The knowledge of a language and a people—to have no interest in exploring that again at all. My brain is thick and gunked up in pain, there is no use for the words I learned from my betrayer. An absence in trying.
La Prima Cosa Bella came on the radio while eating at a restaurant and there I felt something. Anguish. For the connotation and the memory.
How she tried to find the song in my phone by typing in a lyric about suonare la chitarra and I went—OH! You mean this one? And we played it together and just looked at each other in amazement. How did we both know we meant the same song?
And she giggles and tells me—“You’re the first beautiful thing!” That night surely was for me as well.
And I can’t stop the single tear that escapes me in this recollection. I hate this song. And I hate this place. And I hate that the romance is now gone.

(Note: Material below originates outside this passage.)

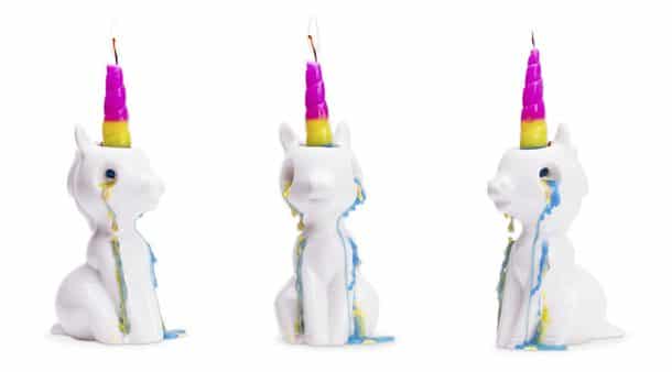 Cette bougie licorne pleure de la cire de toutes les couleurs lorsqu’on l’allume !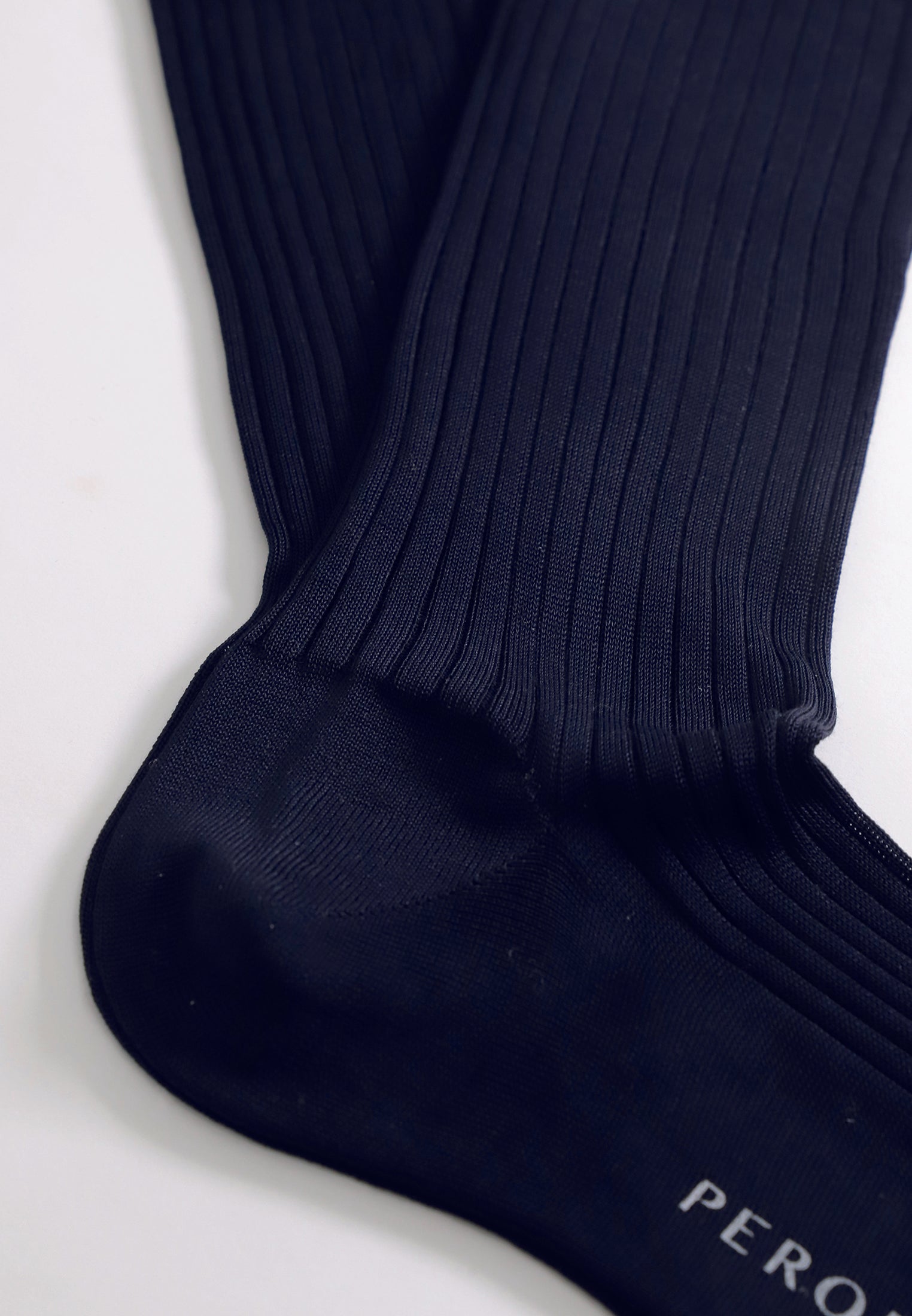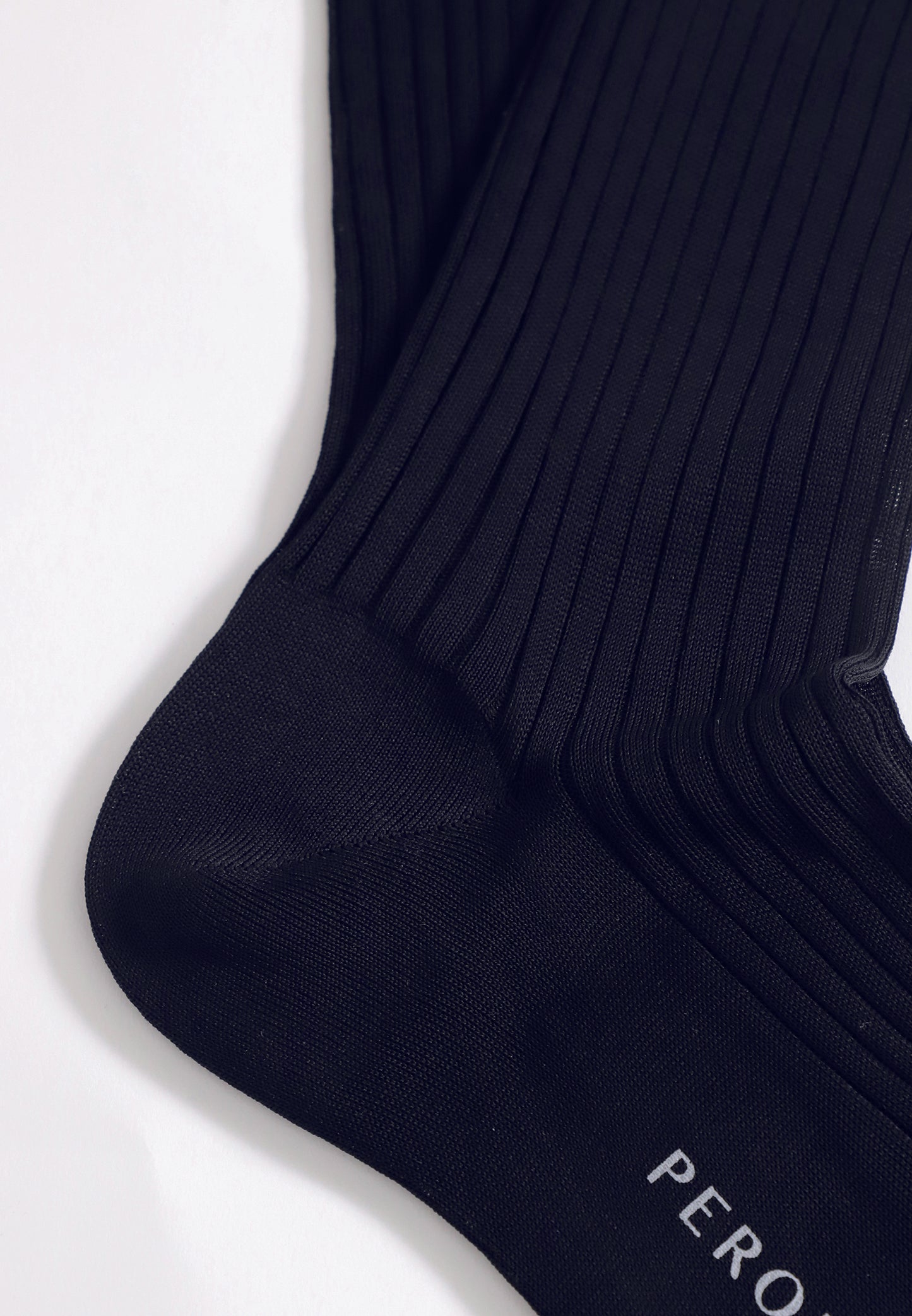 Calza corta a costina in puro Filo di Scozia PEROFIL VPRC00326 è realizzata con tessuti di alta qualità, prodotti con il pregiato cotone di Filo di Scozia.

We feel lucky enough to have it for a brief fleeting moment and then immediately regret it when we find ourselves flailing on the bathroom floor in a pool of our own tears, clutching our hearts and wearing headphones with crooning lovelorn songs from Andrea Botticelli in our ears. It’s god damn painful and no amount of Chunky Monkey ice cream is enough to numb the ache. Phone-calls to therapists who insist you should stop checking their social media page and bitter, passive aggressive tweets are part of the processing. Going to the gym, out with friends (and binge drinking), and plenty of questionable credit card purchases are all part of the healing. But you’re not the only person to suffer a love lost, to be destroyed by the one person you trusted above all to guard your heart. People have been getting crushed by heartbreakers since humanity invented the ability to string together words in poetry to complain and write about it. So how the hell did people in the past get over this shit before Spotify playlists were a thing?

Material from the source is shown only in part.